Wilmington, Del.
On any school day, volunteer mentors can be found in the quiet, brightly decorated room tucked at the end of the hallway at Warner Elementary School, reading and tutoring and chatting with their assigned students.
Each Monday morning, Gov. Thomas R. Carper slips into the group to mentor Darrel Burton, a shy, soft-spoken 5th grader.
The pair often read together, work on math or word problems, or talk about Darrel’s family--four brothers and his mother.
“He seems to have blossomed a bit,” Gov. Carper said of Darrel after last week’s session. “His mom, teacher, and counselor report that his confidence is up.”
Mentoring is a cause that Delaware’s governor wants more people to take up. He signed on in 1993, his first year as governor, when two staff members brought the students they mentored to his office for lunch. He was so impressed with the students that he volunteered to work at the public elementary school that his two sons, now ages 7 and 9, attend.
“I see every day ... students who need a good role model, and teachers desperate for help,” he said.
The Democratic governor is so enthusiastic about mentoring that he has persuaded the state legislature--of which one house is GOP-controlled and the other Democratic--to pay $500,000 for fiscal 1998 for student mentoring programs, up from $350,000 in fiscal 1997. The overall education budget in fiscal 1997 was $609 million.
Volunteer mentoring is a cause that has attracted attention from state officials across the ideological spectrum. Govs. Pete Wilson of California and John Engler of Michigan, both Republicans, are also mentors and advocates for mentoring programs, which seek to increase student achievement and self esteem.
Biggest Booster
Gov. Carper is the National Governors’ Association’s most vocal mentoring proponent, and he has spoken to the group several times about his experiences, said Patty Sullivan, an NGA spokeswoman. “You don’t have a conversation with him for very long without him talking about this,” she said.
Help One Student to Succeed, or HOSTS, the national program in which Mr. Carper and most of the Delaware mentors participate, provides structured lesson plans and orientations for volunteers, most of whom work one hour each week.
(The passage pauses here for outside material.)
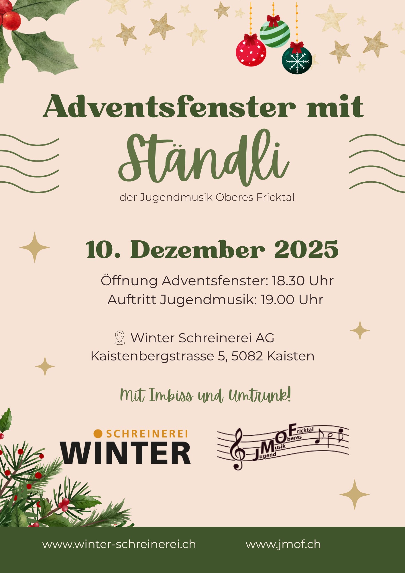 mit Ständli der Jugendmusik Oberes Fricktal um 19.00Uhr

Kathy Christie, a policy analyst with Education Commission of the States in Denver, said more states are looking at tutoring and mentoring programs to help at-risk students improve academic and social skills. The HOSTS program is popular because of its training and its structured approach. “That takes a lot of fear out of it for people,” Ms. Christie said.
Finding the Time
Gov. Carper has taken his crusade to Delaware businesses, asking them to allow employees to spend about an hour each week mentoring an at-risk child at a local school.
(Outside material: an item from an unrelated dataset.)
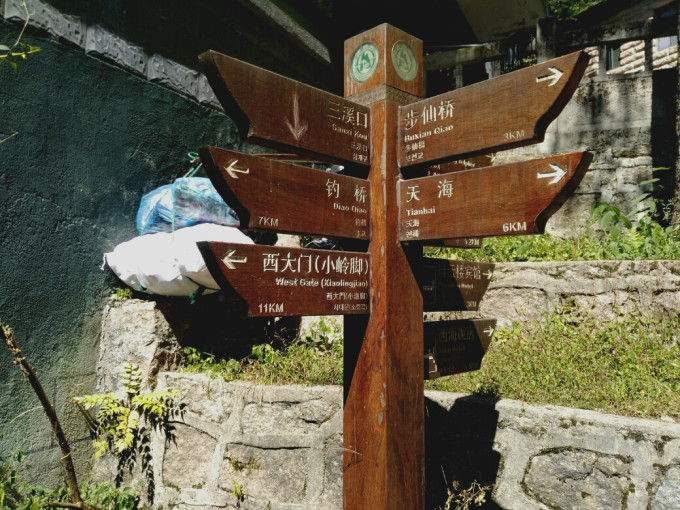 路口高悬警示牌。去天海有4小时的路程。(一般体力或时间不够,不建议走这全程)

One nearby company, at his urging, has provided 140 employee-mentors to Warner Elementary, a school in downtown Wilmington with 930 students in grades 3-5. The school’s mentoring coordinator, Ann Wilson, said she barely has enough time to keep up with the training and has recently expanded the mentoring area from one room to two.
The governor’s goal is to have 11,000 volunteers--one for every 10 of the state’s 110,000 students--by 2000. More than 5,000 volunteers have signed up as of this year, including several members of the governor’s staff and state legislators.
Mentoring ties into other education-related themes of the Carper administration. For example, the governor wants businesses to get involved in his school technology initiative, and he plans to encourage mentors to take students to work with them one day a year, so the students can see how their education is relevant to work.
Ms. Christie cautioned that state officials and other executives might have a hard time keeping a mentoring commitment because of their demanding schedules. “You have to show up, because those kids count on you being there,” she said.
That hasn’t been a deterrent for Mr. Carper, who has missed only a few Monday-morning mentoring appointments in the past two years. He often tells business leaders, “When a governor says, ‘As busy as I am, I can find time to do it,’ then you can, too.”
“People find that challenge hard to duck,” he said, adding that so far, every business he has approached has signed on.
And mentors get a sense of fulfillment in their lives, he added. “Maybe in my next life I’ll come back as a teacher,” he said with a smile.